The result is pd.Series with bool values. True if tuple from df1 is in df2. In the end, we negate results with ~ sign, and applying filter on df1. Long story short, we get only those rows from df1 that are not in df2.
To make it more readable, we may write it as:
df1_str_tuples = df1.astype(str).apply(tuple, 1)
df2_str_tuples = df2.astype(str).apply(tuple, 1)
df1_values_in_df2_filter = df1_str_tuples.isin(df2_str_tuples)
df1_values_not_in_df2 = df1[~df1_values_in_df2_filter]

import pandas as pd
# given
df1 = pd.DataFrame({'Name':['John','Mike','Smith','Wale','Marry','Tom','Menda','Bolt','Yuswa',],
'Age':[23,45,12,34,27,44,28,39,40]})
df2 = pd.DataFrame({'Name':['John','Smith','Wale','Tom','Menda','Yuswa',],
'Age':[23,12,34,44,28,40]})
# find elements in df1 that are not in df2
df_1notin2 = df1[~(df1['Name'].isin(df2['Name']) & df1['Age'].isin(df2['Age']))].reset_index(drop=True)
# output:
print('df1\n', df1)
print('df2\n', df2)
print('df_1notin2\n', df_1notin2)
# df1
# Age Name
# 0 23 John
# 1 45 Mike
# 2 12 Smith
# 3 34 Wale
# 4 27 Marry
# 5 44 Tom
# 6 28 Menda
# 7 39 Bolt
# 8 40 Yuswa
# df2
# Age Name
# 0 23 John
# 1 12 Smith
# 2 34 Wale
# 3 44 Tom
# 4 28 Menda
# 5 40 Yuswa
# df_1notin2
# Age Name
# 0 45 Mike
# 1 27 Marry
# 2 39 Bolt

Perhaps a simpler one-liner, with identical or different column names. Worked even when df2['Name2'] contained duplicate values.
newDf = df1.set_index('Name1')
.drop(df2['Name2'], errors='ignore')
.reset_index(drop=False)

edit2, I figured out a new solution without the need of setting index
newdf=pd.concat([df1,df2]).drop_duplicates(keep=False)
Okay i found the answer of highest vote already contain what I have figured out. Yes, we can only use this code on condition that there are no duplicates in each two dfs.
I have a tricky method.

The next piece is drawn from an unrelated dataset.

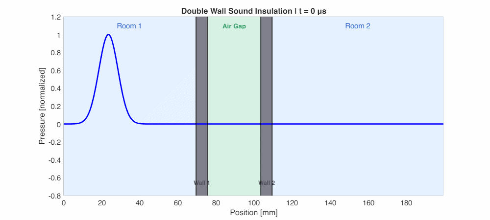 The animation below (simulated using k-Wave) shows a pressure pulse propagating through a double wall. Watch how the wave reflects multiple times at each wall, and how significantly attenuated the transmitted wave is on the other side:
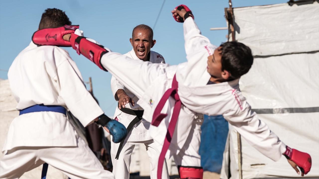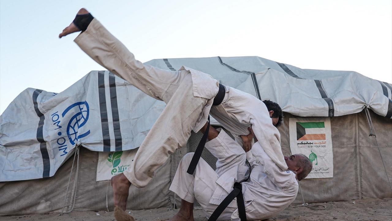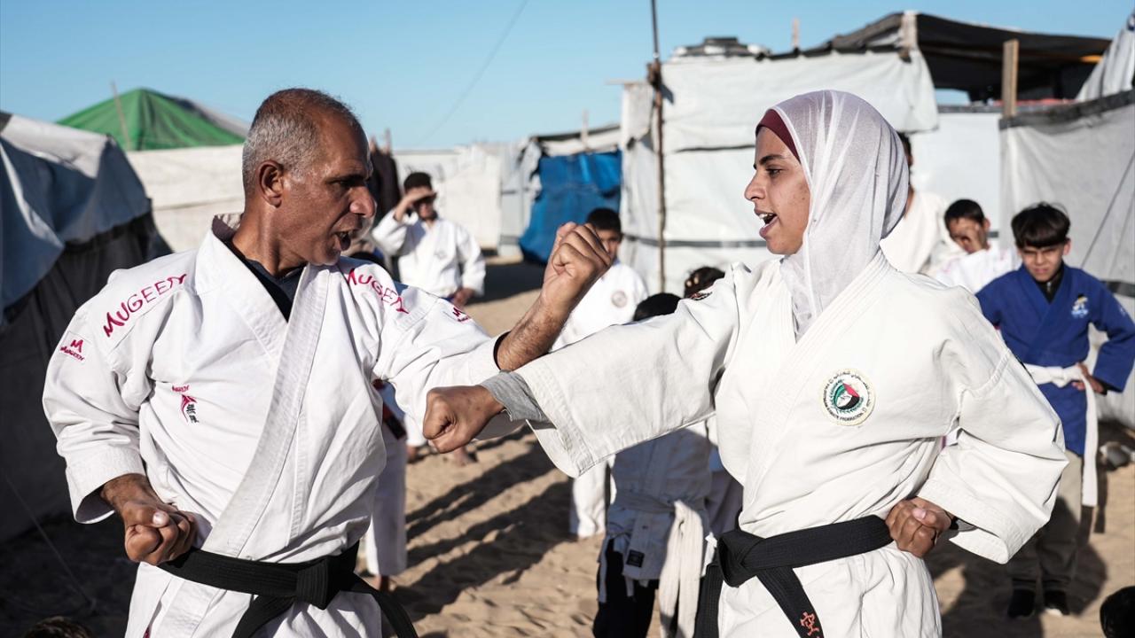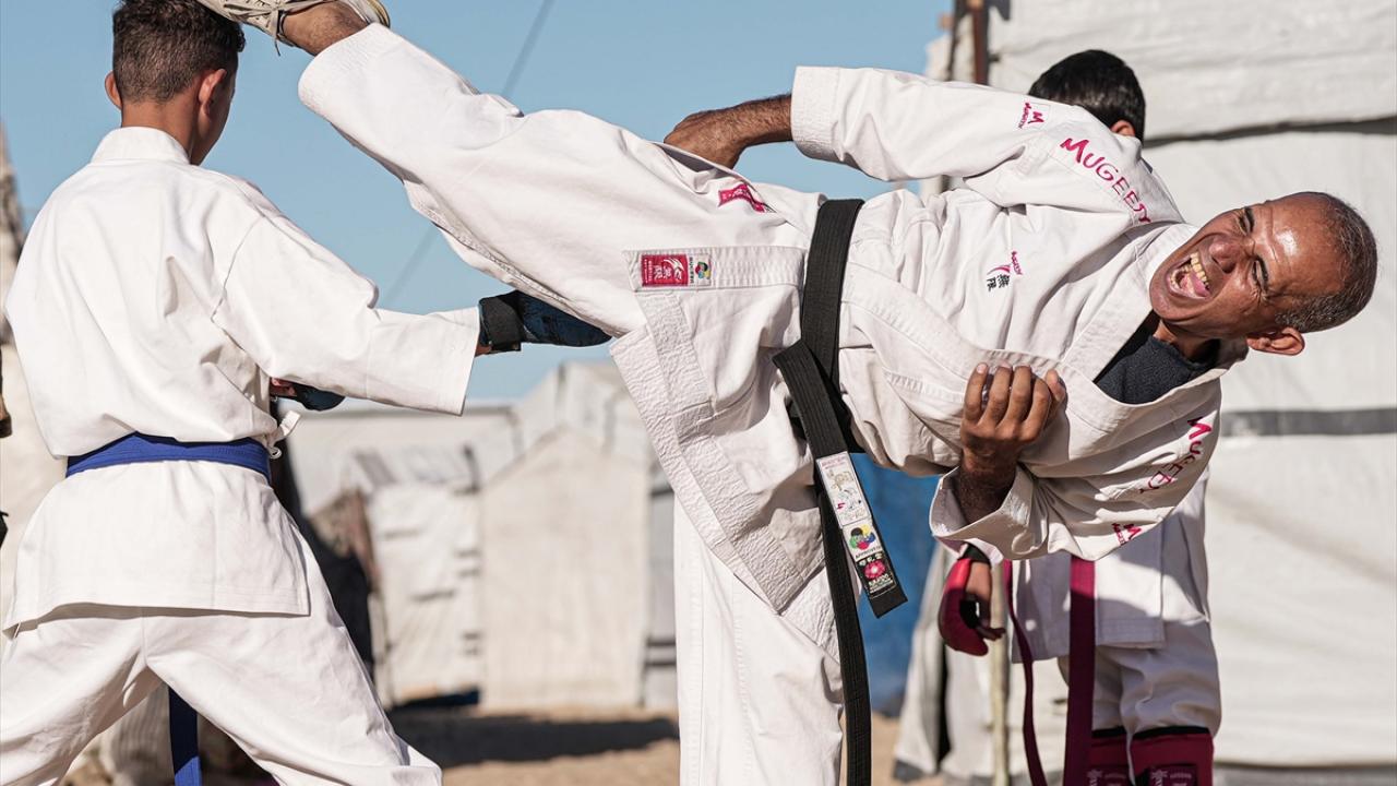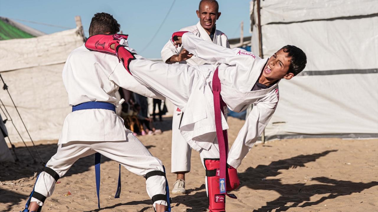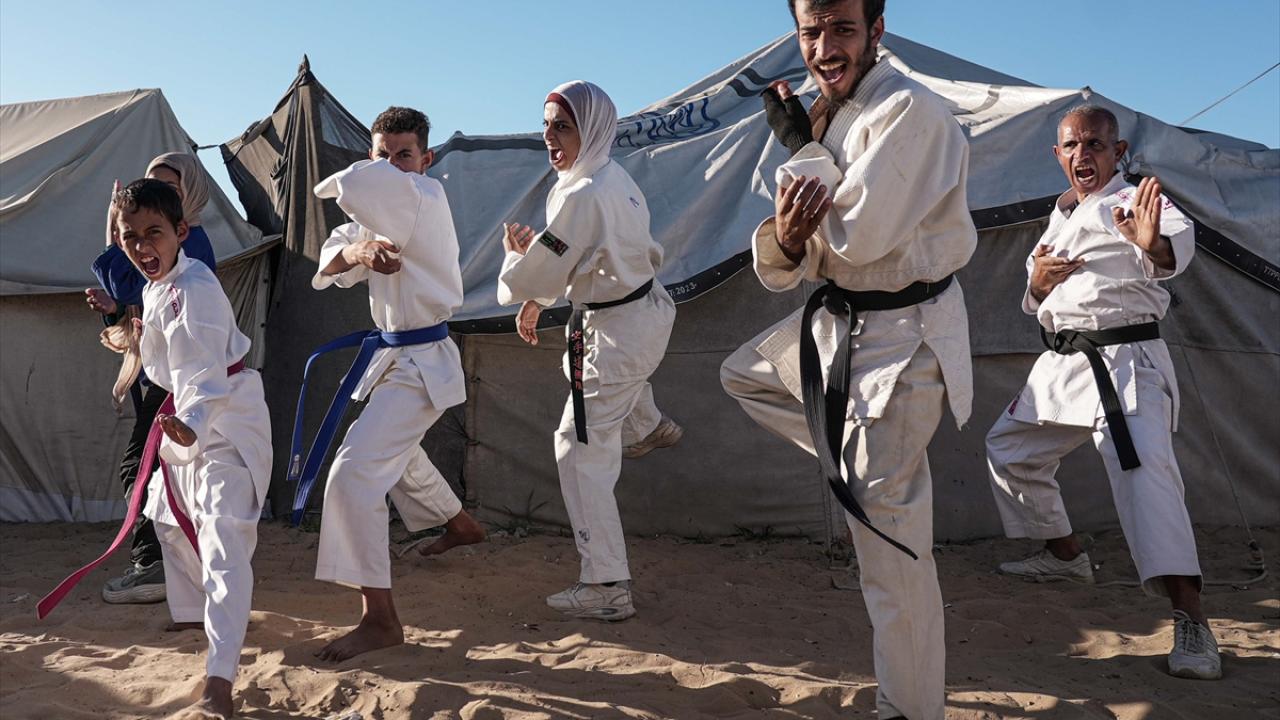 İsrail saldırıları nedeniyle Gazze Şeridi’nin Refah kentinden Han Yunus’a göç etmek zorunda kalan Filistinli karate antrenörü Halil Şakliye, çadır kamptaki tüm zorluklara rağmen çocuklara spor bilincini aşılamayı sürdürüyor.

First we set ’Name’ as the index of two dataframe given by the question. Since we have same ’Name’ in two dfs, we can just drop the ’smaller’ df’s index from the ‘bigger’ df.
Here is the code.
df1.set_index('Name',inplace=True)
df2.set_index('Name',inplace=True)
newdf=df1.drop(df2.index)

Pandas now offers a new API to do data frame diff: pandas.DataFrame.compare
df.compare(df2)
col1 col3
self other self other
0 a c NaN NaN
2 NaN NaN 3.0 4.0

In addition to accepted answer, I would like to propose one more wider solution that can find a 2D set difference of two dataframes with any index/columns (they might not coincide for both datarames). Also method allows to setup tolerance for float elements for dataframe comparison (it uses np.isclose)
import numpy as np
import pandas as pd
def get_dataframe_setdiff2d(df_new: pd.DataFrame,
df_old: pd.DataFrame,
rtol=1e-03, atol=1e-05) -> pd.DataFrame:
"""Returns set difference of two pandas DataFrames"""
union_index = np.union1d(df_new.index, df_old.index)
union_columns = np.union1d(df_new.columns, df_old.columns)
new = df_new.reindex(index=union_index, columns=union_columns)
old = df_old.reindex(index=union_index, columns=union_columns)
mask_diff = ~np.isclose(new, old, rtol, atol)
df_bool = pd.DataFrame(mask_diff, union_index, union_columns)
df_diff = pd.concat([new[df_bool].stack(),
old[df_bool].stack()], axis=1)
df_diff.columns = ["New", "Old"]
return df_diff
Example:
In [1]
df1 = pd.DataFrame({'A':[2,1,2],'C':[2,1,2]})
df2 = pd.DataFrame({'A':[1,1],'B':[1,1]})
print("df1:\n", df1, "\n")
print("df2:\n", df2, "\n")
diff = get_dataframe_setdiff2d(df1, df2)
print("diff:\n", diff, "\n")
Out [1]
df1:
A C
0 2 2
1 1 1
2 2 2
df2:
A B
0 1 1
1 1 1
diff:
New Old
0 A 2.0 1.0
B NaN 1.0
C 2.0 NaN
1 B NaN 1.0
C 1.0 NaN
2 A 2.0 NaN
C 2.0 NaN

As mentioned here
that
df1[~df1.apply(tuple,1).isin(df2.apply(tuple,1))]
is correct solution but it will produce wrong output if
df1=pd.DataFrame({'A':[1],'B':[2]})
df2=pd.DataFrame({'A':[1,2,3,3],'B':[2,3,4,4]})
In that case above solution will give
Empty DataFrame, instead you should use concat method after removing duplicates from each datframe.
Use concate with drop_duplicates
df1=df1.drop_duplicates(keep="first")
df2=df2.drop_duplicates(keep="first")
pd.concat([df1,df2]).drop_duplicates(keep=False)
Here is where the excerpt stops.